Exercise directions >> Apart from the pictures, return every line of the listing exactly.

Supplied data >>
□ □ □ □ □ □ □

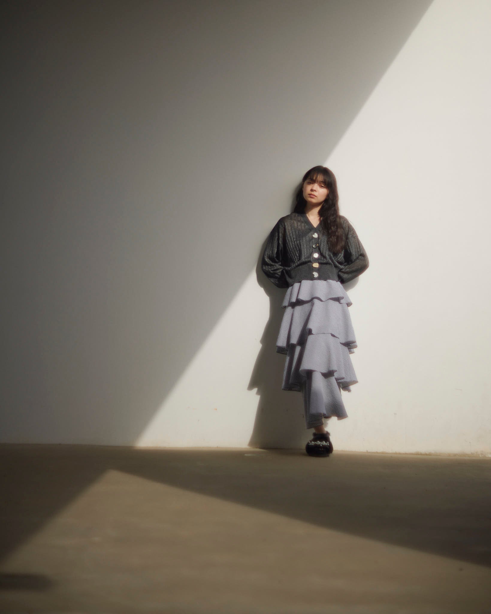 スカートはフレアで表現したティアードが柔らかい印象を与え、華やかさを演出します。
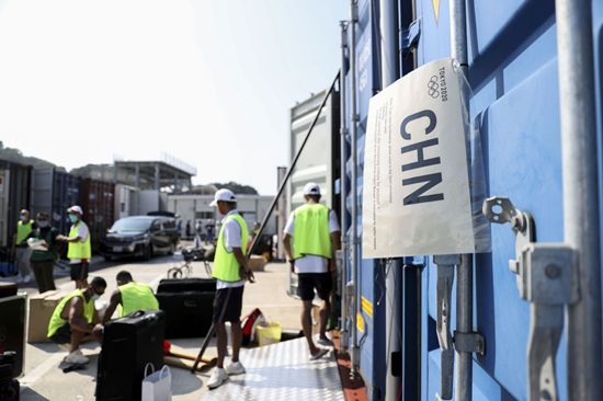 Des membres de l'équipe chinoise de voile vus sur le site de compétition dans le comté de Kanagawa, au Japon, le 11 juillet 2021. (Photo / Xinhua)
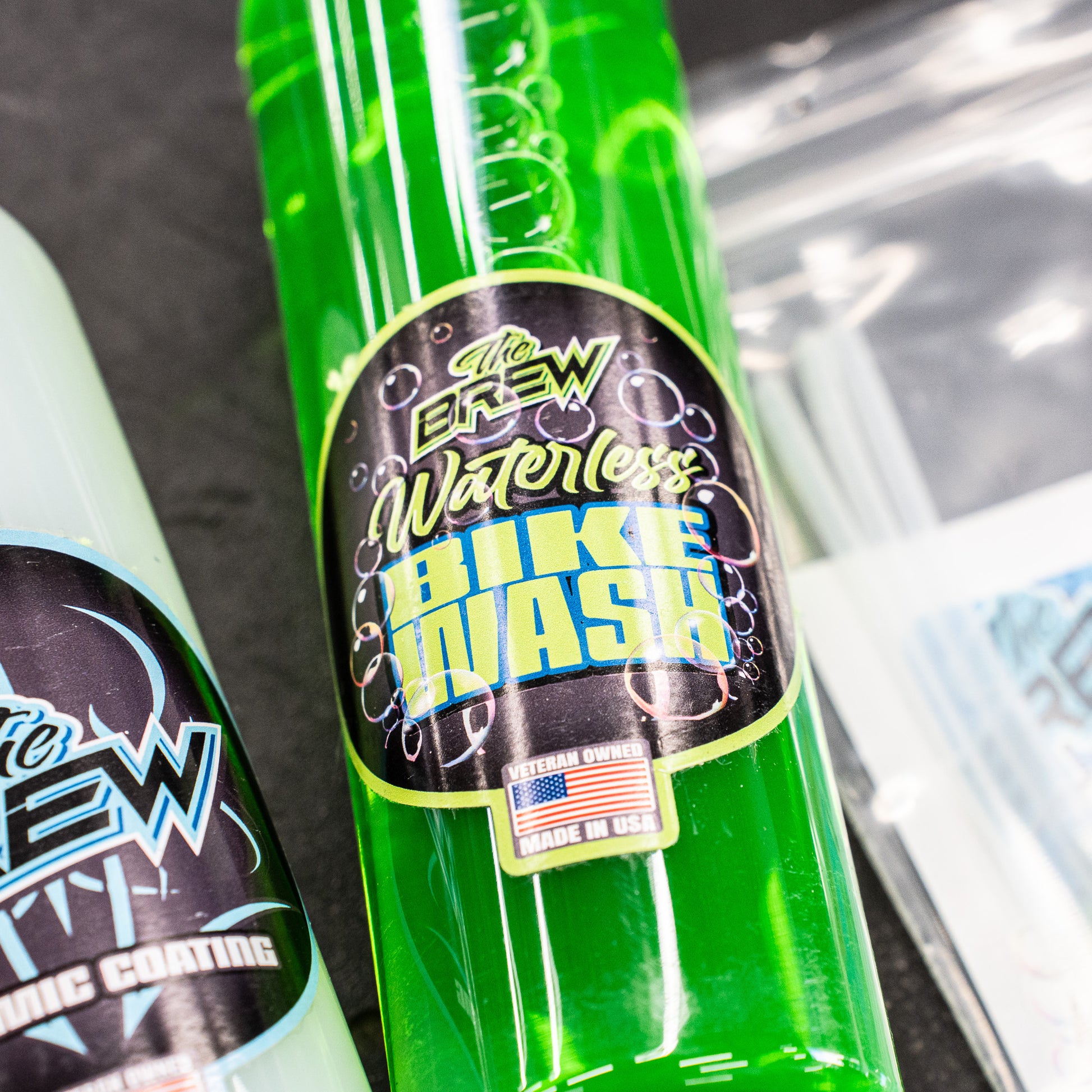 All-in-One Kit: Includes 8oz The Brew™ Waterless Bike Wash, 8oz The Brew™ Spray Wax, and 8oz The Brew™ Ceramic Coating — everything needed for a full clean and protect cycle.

□ □ □ □ □ □ □

Response box >>
 スカートはフレアで表現したティアードが柔らかい印象を与え、華やかさを演出します。
 Des membres de l'équipe chinoise de voile vus sur le site de compétition dans le comté de Kanagawa, au Japon, le 11 juillet 2021. (Photo / Xinhua)
 All-in-One Kit: Includes 8oz The Brew™ Waterless Bike Wash, 8oz The Brew™ Spray Wax, and 8oz The Brew™ Ceramic Coating — everything needed for a full clean and protect cycle.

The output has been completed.